BRIEF: Go over the records and count each line that has the string "ACNUR". Give the number and nothing else.

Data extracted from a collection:
=====
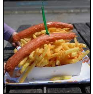
Menu saucisse/merguez frites
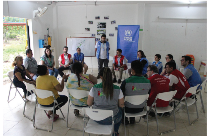
Visita a la comunidad del barrio legalizado Bello Horizonte, Arauca. ACNUR Colombia

Para mejorar la sostenibilidad de las soluciones, los equipos del ACNUR han promovido que en los procesos de soluciones también se desarrollen proyectos productivos para la generación de ingresos o el acceso a medios de vida para las comunidades desplazadas . Por ejemplo, la organización ha apoyado a la Unidad Administrativa del Servicio Público de Empleo (UAESPE) en el diseño y fortalecimiento de la ruta de empleabilidad (aplicación, orientación, remisión, colocación) con enfoque de cierre de brechas orientadas a la población víctima del conflicto armado, incluida la población desplazada (80% de atendidos han sido desplazados).
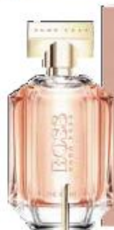
Женский парфюм Boss The Scent For Her
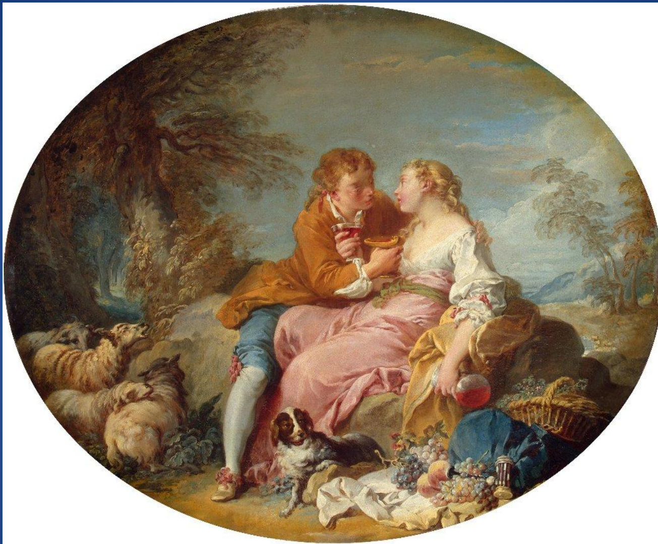
Франсуа Буше – «Пастушеская сценка»
=====
SOLUTION TO THE PROBLEM: 2